Allahpundit looks at the continuing demolition of Mike Flynn's reputation. Apparently, even though he was warned by the DIA that he had to inform them of earning any money from a foreign country, yet he didn't tell them about getting money from Russia Times. And is the Trump team trying to hide documents on this from Congress? This seems like a likely theory.
It’s not that he’s trying to suppress something embarrassing about Flynn (e.g., that he also neglected to inform the White House of his lobbying work), in other words, but that he’s trying to set a precedent early in his term that Congress shouldn’t expect to get executive-branch records on demand in its investigations.

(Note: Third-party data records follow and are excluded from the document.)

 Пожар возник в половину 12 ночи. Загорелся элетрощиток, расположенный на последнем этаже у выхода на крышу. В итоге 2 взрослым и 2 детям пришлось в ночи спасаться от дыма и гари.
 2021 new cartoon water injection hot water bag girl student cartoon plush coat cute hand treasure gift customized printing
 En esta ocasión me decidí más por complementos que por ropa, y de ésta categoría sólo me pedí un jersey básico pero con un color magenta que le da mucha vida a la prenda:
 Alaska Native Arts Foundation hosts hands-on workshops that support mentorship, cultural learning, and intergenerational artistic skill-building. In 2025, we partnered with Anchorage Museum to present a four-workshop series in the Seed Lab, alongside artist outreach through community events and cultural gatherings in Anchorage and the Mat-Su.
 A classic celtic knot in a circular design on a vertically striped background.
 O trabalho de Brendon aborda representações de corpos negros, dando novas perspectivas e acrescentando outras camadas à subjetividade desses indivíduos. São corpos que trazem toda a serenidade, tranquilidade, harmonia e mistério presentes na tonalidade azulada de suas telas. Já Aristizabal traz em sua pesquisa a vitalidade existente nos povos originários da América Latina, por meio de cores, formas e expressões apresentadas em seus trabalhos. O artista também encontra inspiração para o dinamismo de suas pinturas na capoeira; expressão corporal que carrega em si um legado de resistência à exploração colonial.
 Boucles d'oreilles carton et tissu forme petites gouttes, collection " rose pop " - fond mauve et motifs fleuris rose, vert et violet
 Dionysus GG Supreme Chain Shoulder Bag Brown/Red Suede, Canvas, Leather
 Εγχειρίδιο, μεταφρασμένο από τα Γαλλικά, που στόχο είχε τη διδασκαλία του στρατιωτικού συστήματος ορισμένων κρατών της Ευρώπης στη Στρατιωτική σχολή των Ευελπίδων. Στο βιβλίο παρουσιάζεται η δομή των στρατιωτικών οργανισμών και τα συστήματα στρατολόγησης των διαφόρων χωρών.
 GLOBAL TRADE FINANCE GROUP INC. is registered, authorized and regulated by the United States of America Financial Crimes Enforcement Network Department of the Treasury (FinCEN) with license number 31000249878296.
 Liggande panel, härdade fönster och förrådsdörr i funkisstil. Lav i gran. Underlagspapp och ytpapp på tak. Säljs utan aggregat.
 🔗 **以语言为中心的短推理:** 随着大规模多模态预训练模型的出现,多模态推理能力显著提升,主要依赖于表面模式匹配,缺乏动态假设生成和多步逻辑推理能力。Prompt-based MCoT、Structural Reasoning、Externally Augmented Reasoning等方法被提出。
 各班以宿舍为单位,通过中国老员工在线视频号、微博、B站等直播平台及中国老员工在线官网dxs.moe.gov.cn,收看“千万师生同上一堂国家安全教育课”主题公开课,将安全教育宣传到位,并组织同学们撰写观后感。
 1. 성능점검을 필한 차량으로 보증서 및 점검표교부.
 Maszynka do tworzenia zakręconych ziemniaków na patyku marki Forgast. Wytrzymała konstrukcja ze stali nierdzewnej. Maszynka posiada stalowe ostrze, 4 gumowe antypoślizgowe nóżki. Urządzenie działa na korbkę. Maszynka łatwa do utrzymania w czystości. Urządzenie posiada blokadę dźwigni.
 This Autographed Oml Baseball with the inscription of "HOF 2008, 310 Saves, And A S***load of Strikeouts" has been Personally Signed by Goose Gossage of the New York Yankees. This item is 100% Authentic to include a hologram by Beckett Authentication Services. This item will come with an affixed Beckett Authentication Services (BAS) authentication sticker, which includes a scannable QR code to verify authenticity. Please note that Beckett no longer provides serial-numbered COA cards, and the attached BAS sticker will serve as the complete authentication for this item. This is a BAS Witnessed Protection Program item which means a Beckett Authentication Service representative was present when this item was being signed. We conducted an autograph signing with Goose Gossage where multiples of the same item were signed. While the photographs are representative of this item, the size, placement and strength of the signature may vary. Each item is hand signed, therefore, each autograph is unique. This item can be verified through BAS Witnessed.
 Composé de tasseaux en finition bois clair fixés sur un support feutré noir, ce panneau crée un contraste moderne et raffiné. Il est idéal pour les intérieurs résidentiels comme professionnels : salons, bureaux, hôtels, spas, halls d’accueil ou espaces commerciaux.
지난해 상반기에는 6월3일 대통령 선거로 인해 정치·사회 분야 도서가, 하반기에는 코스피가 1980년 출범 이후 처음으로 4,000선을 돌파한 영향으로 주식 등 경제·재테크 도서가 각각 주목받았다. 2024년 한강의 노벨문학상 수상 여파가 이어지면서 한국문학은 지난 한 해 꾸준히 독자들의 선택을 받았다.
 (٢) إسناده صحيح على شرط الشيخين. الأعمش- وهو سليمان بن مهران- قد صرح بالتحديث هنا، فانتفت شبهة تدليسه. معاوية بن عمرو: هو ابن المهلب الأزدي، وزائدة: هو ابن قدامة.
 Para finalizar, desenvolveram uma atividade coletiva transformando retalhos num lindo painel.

Maybe, though, the reason they’re sitting on the records is less principled and more political — namely, the records might show that the transition team did have an inkling that Flynn hadn’t properly disclosed his payments and they … went ahead and made him national security advisor anyway.Maybe they knew that this stuff would come out eventually and wanted to hide the embarrassment.
They may have realized that the dirt would come out eventually, though, and that it would cause them a major headache when it did — why was the national security advisor hiding foreign money from the Pentagon? — so they started looking around immediately for other reasons to force his resignation. When the Kislyak matter arose, they seized the opportunity.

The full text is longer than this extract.